Мне хватило нескольких секунд, чтобы оценить внешний вид двух мужиков средних лет, после чего решил, что у них должны быть при себе деньги. А деньги лишними никогда не бывают. Да и проучить их не мешало.
Сделал испуганное лицо:
– Вы что? Я свой, товарищи. Я это… к тетке ездил.
– Мы тебе не товарищи, белогвардейская морда! Все, наше терпение лопнуло…
– Все! Все! Я понял, товарищи. Только давайте отойдем в сторону, где потише.
Жулики довольно переглянулись, ухмыляясь. Какие же они ловкие и изворотливые, на пустом месте простака развели!
– Идем, идем! И бежать не вздумай! Ежели что, у меня и револьверт есть!
Они повели меня с перрона в сторону, где рядом с железнодорожными путями стоял небольшой домик, непонятного мне предназначения. Ни двери, ни окон в нем не было, просто каменное строение с крышей. Поставив мешок на пол, я наклонился, сделав вид, что хочу его развязать. Потеряв всякую осторожность, оба жулика придвинулись ко мне, а спустя две минуты оба уже лежали, скорчившись, на полу и стонали. Для вящей убедительности пару раз врезал сапогом по ребрам каждому из перекупщиков, после чего спросил:
– Жить хотите?
– Хотим! Хотим!
– Тогда карманы выворачивайте. Живо! – теперь я разыгрывал роль бандита.
– Так откуда у нас деньги? Мы сами… – но вид выхваченного из-за голенища ножа сразу заткнул рот говорливому перекупщику.
– Это что, все? – возмущенно спросил я, когда пересчитал деньги. – За эти гроши вы хотели купить у меня три фунта отличного сала? Где ваша совесть, граждане? А ну, шелупонь подзаборная, сымай сапоги! Живо!
Спустя пять минут к шестидесяти трем рублям, которые я нашел в карманах незадачливых перекупщиков, было прибавлено еще семь сотен, которые обнаружились в голенищах сапог.
– Смилуйся, господин барин! У нас детишки малые! Пожалей! Хоть половину отдай! Христа ради, прошу! – жулики совсем раскисли, и очень возможно, что слезы, которые текли по небритым щекам одного из них, были настоящие.
– Сегодня который день недели, граждане жулики?

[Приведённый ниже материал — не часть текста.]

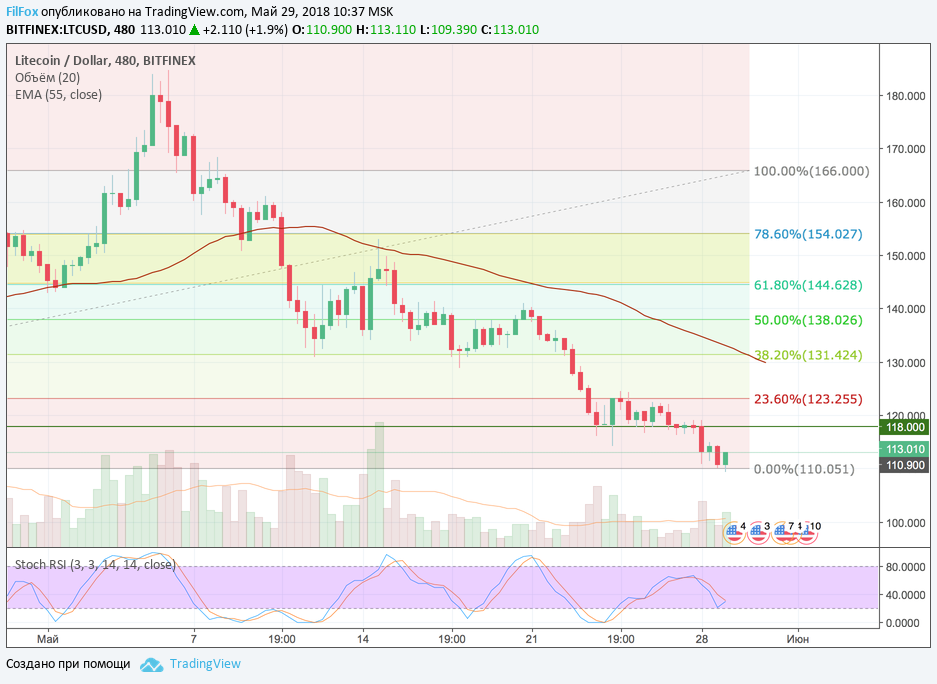 Litecoin вчера честно пытался удержаться на отметке 112.00 USD, но в итоге сдался и проколол нулевой уровень фибоначчи (110.00 USD), установив минимум на отметке 109.00 USD. Сегодня цена немного восстановилась к «честному» уровню 112.00 USD и пытается закрепится на нём. Начавшееся восстановление может вернуть цену к воскресному уровню консолидации - 118.00 USD.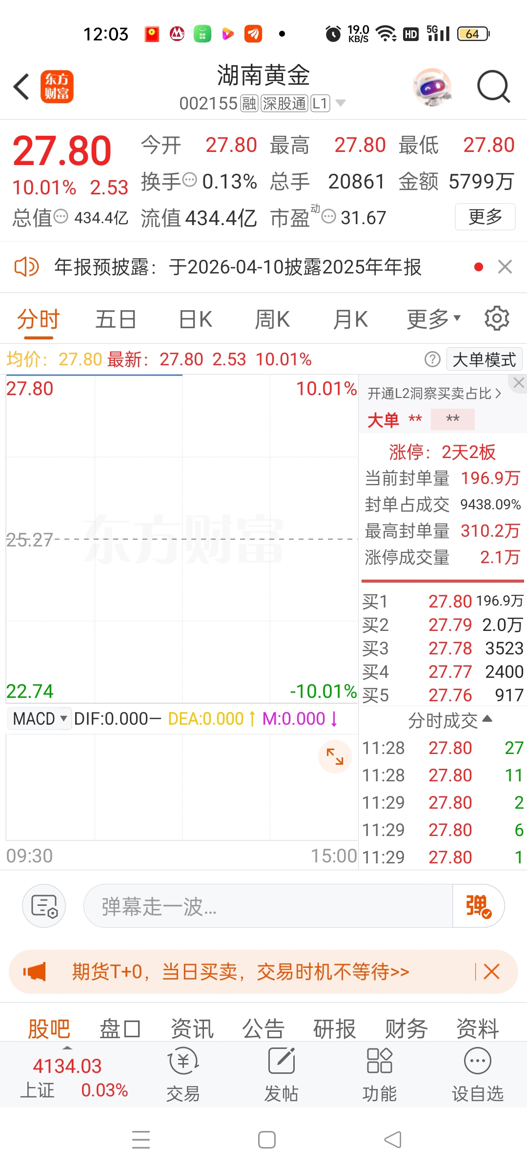 湖南黄金涨停了

Те недоуменно переглянулись, потом один из них неуверенно сказал:
– Кажись, вторник.
– Не повезло вам. По вторникам не подаю.
Закинув вещевой мешок за плечи, я прошел через Саратовский вокзал, где значительно поубавилось народу, и вышел на привокзальную площадь. После прошедшего недавно дождя везде была жидкая грязь, которую надо было обходить. А в ней чего только не валялось! Шелуха от семечек, мусор, обрывки бумажек, обломки разбитого ящика. Мужчины, те, кто в сапогах, шли не разбирая дороги, а тем, кто был в ботинках, приходилось искать путь посуше, не говоря уже о женщинах, которые при этом старательно поднимали подолы своих длинных платьев. Что на вокзале, что здесь, на привокзальной площади, «буржуев» среди прохожих было в десятки раз меньше, чем в том же Царицине. Позже я узнал, что одеваясь а-ля пролетарий, горожане таким образом маскировались от проявлений гнева «освободившегося от оков капитализма» простого народа. Своим видом я отлично вписывался в ряды пролетариев. За дни моего путешествия я хорошо загорел, кожа обветрилась. Кепка, рубашка-косоворотка, серый пиджак, брюки, заправленные в сапоги, и заплечный мешок за плечами отлично подходили выходцу из простого народа. Очки я не стал надевать, аккуратно спрятав их в кармане пиджака. У киоска с квасом выстроилась небольшая очередь. Посмотрев на них, невольно облизал губы – хотелось пить. В пятидесяти метрах, рядом с афишной тумбой, располагалась стоянка извозчиков – биржа. Именно от нее сейчас в разных направлениях разъезжались по домам наиболее состоятельные пассажиры. За стоянкой, еще дальше, располагались телеги, на которых пассажиры, при нужде, перевозили по городу крупногабаритный груз, – ломовые. Тренькнул проезжавший мимо трамвай, набитый народом, который висел даже на подножках. Проследив за ним взглядом, я решил, что на нем точно не поеду, так как человеческая толчея мне надоела еще в вагоне.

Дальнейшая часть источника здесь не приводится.